Pero todo esto en secreto, porque al principio el suyo fue un romance clandestino, entre otras cosas porque ambos pensaron siempre que tendría fecha de caducidad. Entonces, cuando llevaban dos meses de romance oculto y emocionante, siempre con el temor de ser descubiertos por alguno de sus numerosos tíos o primos, hicieron su aparición los celos (de él) y la primera discusión de enamorados. ¿Qué hacía él con una señora que casi podría ser su madre? Se preguntó él. ¿Qué hacía ella con un hombre de 19 años? Reflexionó Julia.
Tras la pelea, los dos se dieron cuenta de que se querían más de lo que pensaban y siguieron con la relación, seguros ya de sus sentimientos. Y un día, no podía ser de otra manera, la familia los descubrió, y el escándalo fue mayúsculo. La tía Julia, por supuesto, pasó a ser para todos una especie de corruptora de menores y le echaron la culpa de haber provocado la situación, de haber empezado el romance. Los padres de él no podían estar más enfadados, y todos temían especialmente a Ernesto Vargas, que era conocido por su carácter irascible. Entonces a Mario Vargas Llosa se le ocurrió la solución perfecta: casarse a espaldas de la familia. Política de hechos consumados, le dicen. Una vez contrajeran matrimonio, nada ni nadie podría separarles.
El problema es que Mario, que entonces andaba por los 19 años -18 en la novela- era legalmente menor, pues en Perú, como en la España de la época, la mayoría de edad no se alcanzaba hasta los 21 años. A pesar de todo lo consiguieron, tras no pocas peripecias y unas cuantas oraciones de Julia a la beata Melchorita, oriunda del pueblo donde por fin se casaron, Grocio Prado. Nada, sin embargo, sería entonces como lo habían planeado, salvo la anticipada y emotiva noche de bodas.
La madre del futuro escritor reaccionó como hemos visto al principio de este reportaje; en cuanto al padre, llegó a exhibir un revólver y exigió que Julia abandonase Perú. Hizo llegar a su hijo una carta que decía exactamente así: "Mario: doy 48 horas de plazo para que esa mujer abandone el país. Si no lo hace, me encargaré yo, moviendo las influencias que haga falta, de hacerle pagar caro su audacia. En cuanto a ti, quiero que sepas que ando armado, que no permitiré que te burles de mí. Si no obedeces al pie de la letra y esa mujer no sale del país en el plazo indicado, te mataré de cinco balazos como a un perro, en plena calle".

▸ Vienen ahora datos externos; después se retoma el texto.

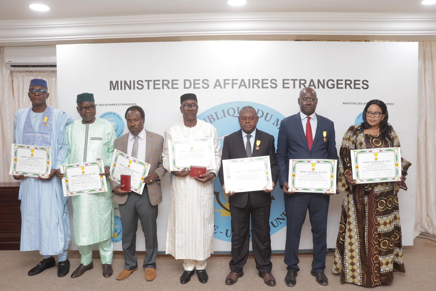 A l’occasion de cette cérémonie solennelle de reconnaissance et de célébration du mérite, les récipiendaires ont traduit leur profonde gratitude envers les plus hautes Autorités, et renouvelé leur engagement à contribuer davantage au travail remarquable, au sein du Ministère, en vue du rayonnement de la diplomatie malienne.

Y Julia partió, claro. El matrimonio estuvo separado físicamente casi dos meses, transcurridos los cuales las cosas se apaciguaron y Mario logró que poco a poco todos aceptaran la relación. No fue fácil: hubo de demostrarle al padre que podía mantener un hogar (llegó a tener hasta siete trabajos a la vez) y además seguir con sus estudios. Todos en la familia tenían muchas expectativas puestas en él, pensaban que estaba destinado a algo grande y no podían consentir que una mujer diera al traste con sus sueños.

Divorcio

No sólo no fue así, sino que ella le ayudó a ser el escritor que siempre quiso ser, como reconocería él más adelante. Su unión duraría nueve años, pero, tanto en la novela La tía Julia y el escribidor como en las memorias que más tarde publicaría el futuro Nobel de literatura, tituladas El pez en el agua, Vargas Llosa se limita a contar cómo fueron esos comienzos y que un día el amor se acabó. El libro Amores contra el tiempo relata todo lo que vino después, para lo cual cuenta, entre otras cosas, con el inestimable testimonio de Julia Urquidi, que publicó su propia versión de los hechos en el libro Lo que Varguitas no dijo y dio varias entrevistas. Porque el matrimonio no se terminó porque ellos se llevaran mal, ni por la diferencia de edad, sino porque apareció una tercera en discordia: Patricia, sobrina de Julia y prima carnal de Mario Vargas Llosa.